Der Nachweis der Fortpflanzungsstadien im Kot ist nicht einfach, weshalb mindestens drei Kotproben untersucht werden sollten (mit negativem Ergebnis also ohne Parasitennachweis), ehe man Tiere aus dem Quarantäneterrarium umsetzt.

Anzeichen für Kokzidien:

.) verminderten Appetit

.)Durchfall

.)Dehydration und Gewichtsverlust

Entscheident für den Behandlungserfolg ist eine strikte Hygiene, um Reinfektionen zu vermeiden.
Nicht gefressene Futtertiere müssen entsort werden, da sie Geckokot gefressen haben können und somit eine Infektionsquelle darstellen können.

Rachitis und Hypokalzämie

Diesen Stoffwechselstörungen liegt eine Vitamin D Mangel, meist verbunden mit einem Mineralstoffmangel zugrunde. Der zu einer ausbleibenden Mineralisierung des Knochengewebes und einem zu niedrigen Blutkalziumspiegel führt.

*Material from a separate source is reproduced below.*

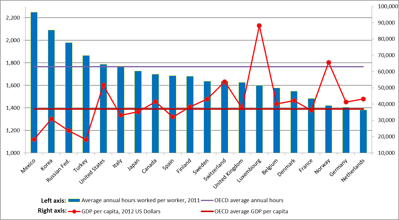 The whole 34-country list might be a bit misleading because the OECD increasingly includes developing countries such as Mexico, Hungary, and Poland, which are not strictly comparable in terms of level of development. In order to compare apples to apples, I’ve a created a chart that includes both average annual hours worked and GDP per capita, along with the 34-country OECD averages for each. (For ease of viewing in a single chart, I’ve used a smaller set of countries, but the results do not change.)

Es sollte immer eine Schale mit Kalzium im Terrarium zur vorbeuge stehe.Stets ist auf eine regelmäßige und ausreichende Gabe von Vitaminen und Mineralstoffpräparaten zu achten.

Bei einem rachitischen Gecko müssen umgehend die Haltungs und Ernährungsbedingungen optimiert werden. Bei leichten Rachitissymptomen sollte mit einem oral zu verabreichenden Kalziumpräparat behandelt werden.

In ganz schweren Fällen wird sich meist derTierarzt zur Gabe von Kalziuminjektion entscheiden.

Bitte bedenken Sie, dass vorhandene Verformungen praktisch nicht mehr rückgängig gemacht werden können.